• _What is required_
Nothing but the lines below between the line holding "A pharmacy shelves" and the line holding "12508- 1250 Figure", inclusive, should appear in the answer, each set down exactly.

• _Data for this exercise_
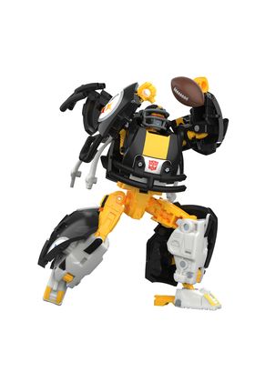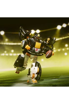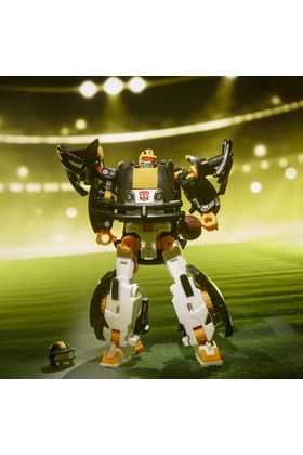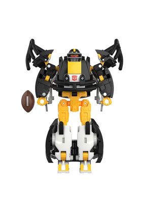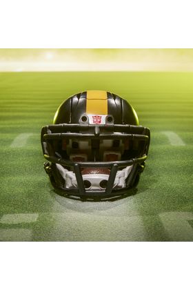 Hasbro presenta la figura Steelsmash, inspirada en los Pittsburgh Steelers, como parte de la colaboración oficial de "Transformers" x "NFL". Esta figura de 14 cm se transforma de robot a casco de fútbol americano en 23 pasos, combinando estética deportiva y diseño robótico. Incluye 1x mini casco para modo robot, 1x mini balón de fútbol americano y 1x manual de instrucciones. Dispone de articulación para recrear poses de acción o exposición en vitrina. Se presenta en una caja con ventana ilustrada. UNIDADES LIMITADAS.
---
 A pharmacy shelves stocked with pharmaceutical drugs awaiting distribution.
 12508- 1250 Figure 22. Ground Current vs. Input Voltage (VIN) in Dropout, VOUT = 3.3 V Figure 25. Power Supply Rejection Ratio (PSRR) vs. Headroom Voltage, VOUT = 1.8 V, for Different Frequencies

• _Exercise output_
 A pharmacy shelves stocked with pharmaceutical drugs awaiting distribution.
 12508- 1250 Figure 22. Ground Current vs. Input Voltage (VIN) in Dropout, VOUT = 3.3 V Figure 25. Power Supply Rejection Ratio (PSRR) vs. Headroom Voltage, VOUT = 1.8 V, for Different Frequencies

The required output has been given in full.